The data:

▬▬▬▬▬▬

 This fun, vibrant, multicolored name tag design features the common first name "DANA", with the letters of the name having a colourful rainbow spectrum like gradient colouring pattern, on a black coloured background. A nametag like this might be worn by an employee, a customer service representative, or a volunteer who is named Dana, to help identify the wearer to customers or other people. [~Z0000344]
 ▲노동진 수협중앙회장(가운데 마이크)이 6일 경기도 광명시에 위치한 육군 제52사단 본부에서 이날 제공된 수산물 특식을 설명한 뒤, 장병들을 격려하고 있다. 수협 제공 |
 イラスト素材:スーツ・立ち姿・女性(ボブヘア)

▬▬▬▬▬▬

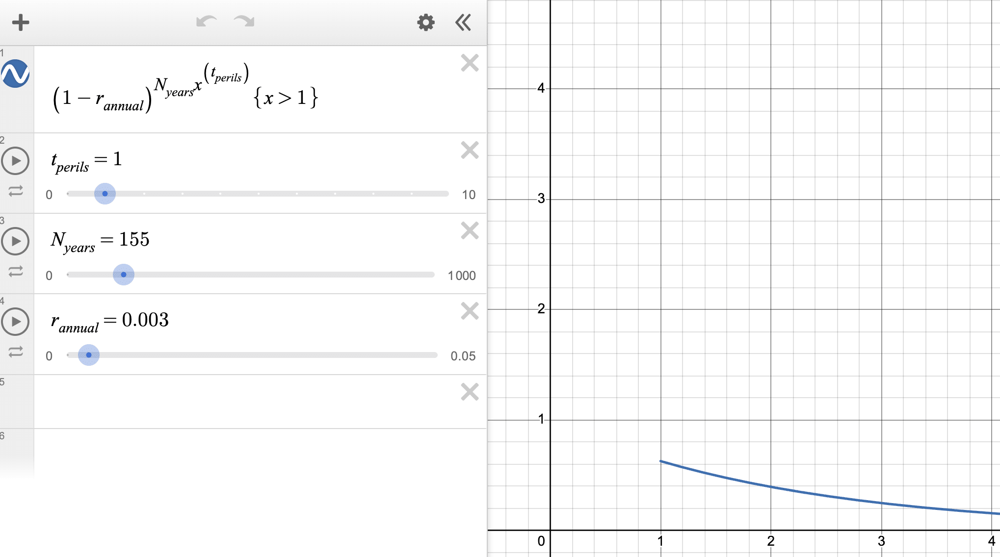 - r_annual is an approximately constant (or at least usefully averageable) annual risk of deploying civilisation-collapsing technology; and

▬▬▬▬▬▬

Problem: Using only the entries above, output the line with "있다. 수협 제공 |", the line with "イラスト素材:スーツ・立ち姿・女性(ボブヘア)", and all lines between them, exactly as they stand.

Reply:
 ▲노동진 수협중앙회장(가운데 마이크)이 6일 경기도 광명시에 위치한 육군 제52사단 본부에서 이날 제공된 수산물 특식을 설명한 뒤, 장병들을 격려하고 있다. 수협 제공 |
 イラスト素材:スーツ・立ち姿・女性(ボブヘア)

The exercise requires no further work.